Her mother seemed content to wait again. And to support whatever Selena decided to do next. Only for once Selena wished Belinda would weigh in. Selena had put a lot of people she cared about in an impossible situation—Camille most of all. And for the life of her, she couldn’t decide what to do about it.
Oliver had stomped through the front door to find his brother instead of Dru sitting on the couch, supervising the kids as they did their homework. Which was code, evidently, for driving each other and any grown-up within hearing range bat-shit crazy. Oliver had ignored everyone and hauled himself into the kitchen to root in the fridge for beer. Of course there hadn’t been any. He’d been counting on it.
He’d chugged a glass of milk instead, rinsed it out, and dumped the glass in the dishwasher. He’d just finished doing the rest of the plates and bowls and things in the sink, left over from the tribe’s after-school snack.
Teddy sounded off in the other room, waking from his afternoon snooze, prompting Oliver to wade back in. He snatched the toddler from his playpen. One look at Oliver’s face had Travis closing whatever book he’d been quietly reading.
“Homework upstairs,” he said. “Oliver will make sure it’s done, so don’t even think about ditching.”
Kids grumbled and pried themselves off the couch, the floor, the surrounding chairs, dragging their feet and marching up to their respective rooms the way convicts would to the gallows.
“Where’s Dru?” Oliver bounced a sniffling and nuzzling and soon-to-be-starving eighteen-month-old in his arms. He took a wary sniff, gratified to discover that the inevitable post-nap poopy diaper was so far a no-show.
“I cut her loose,” his brother said. “She’s exhausted after last night. I’m not on shift for another hour, and she’s got to be at the Whip early tomorrow. She doesn’t need to be hanging around here—”
“Because I keep bailing on you guys. I get it. I’ll be where I’m supposed to be from now on.”
“Do you get it? Do you even know where you need to be?”

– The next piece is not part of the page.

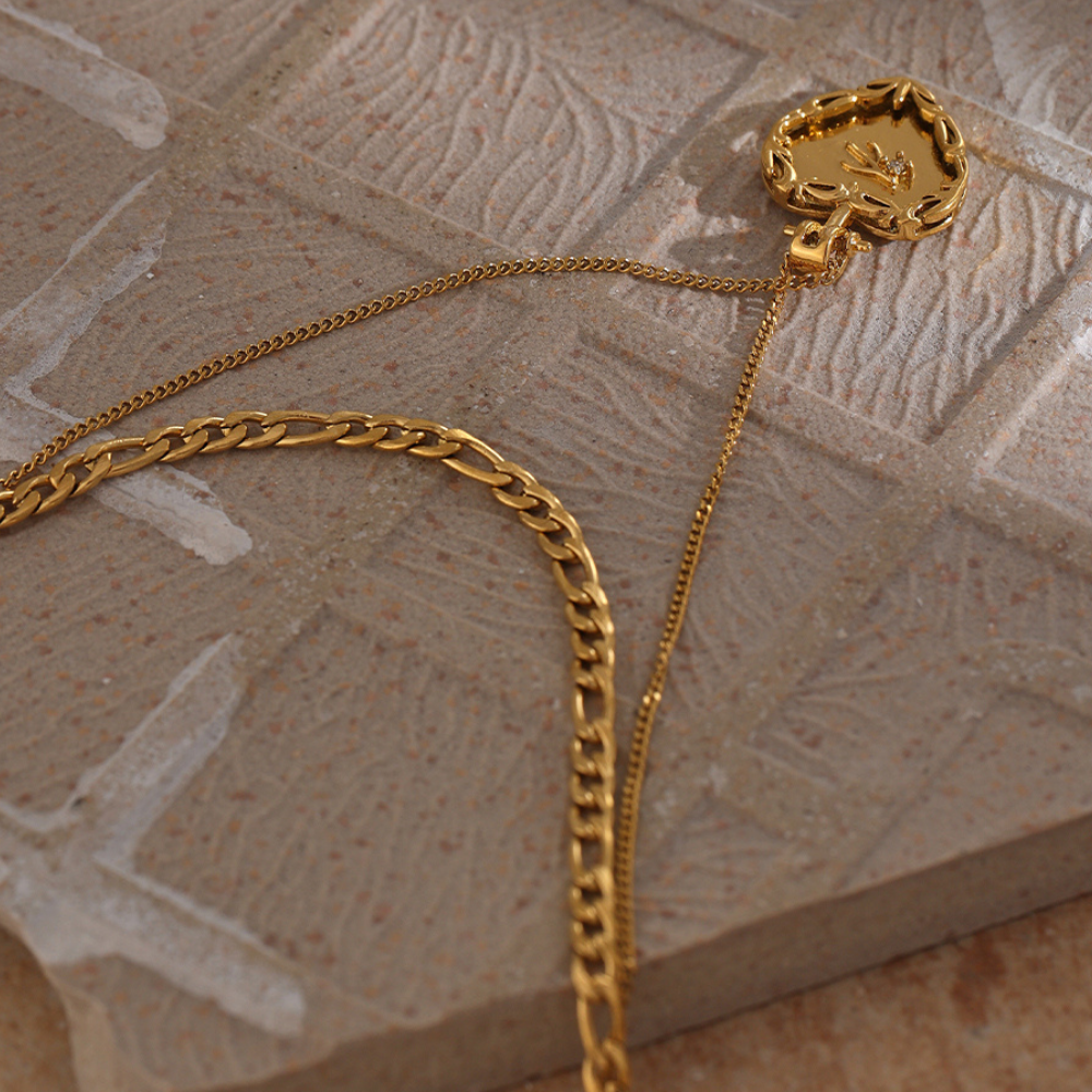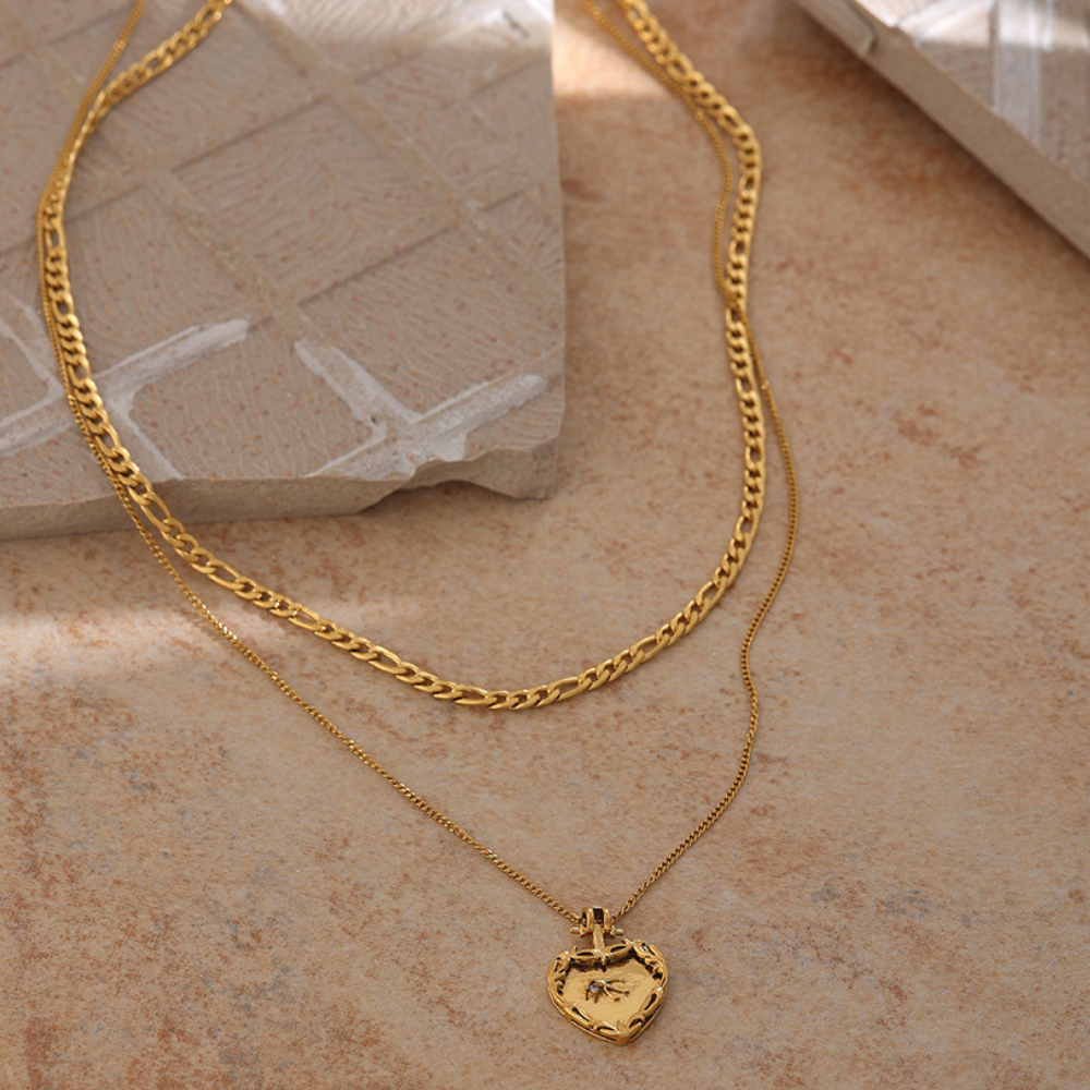 Ce collier ravissant est doré à l'or fin. Il est composé d'une double chaîne dorée qui se termine par un pendentif en forme de coeur, inspiré de la grèce antique. Le pendentif est orné de petits détails gravés à l'extérieur. Le collier est si léger et discret qu'il peut être porté tous les jours. Il ajoutera une touche d'élégance à n'importe quelle tenue.

“I know I’m here now. Which means you’re sprung. Don’t let me keep you, bro.”
“So we’ve got nothing to talk about,” Travis said mildly, his expression hotter than the hell they used to raise together. “Is that it? I haven’t seen you since before Dad’s surgery. I hear from Brad and Dru you’ve had an eventful twenty-four hours. And that was before your little jaunt next door. But I should just get the hell out of your way, with you looking like you want to wreck something, because we’ve got nothing to say to each other? What the hell, man?”
“Okay . . .” At the moment, hell sounded like a cakewalk to Oliver. “Let’s talk about you backing off.”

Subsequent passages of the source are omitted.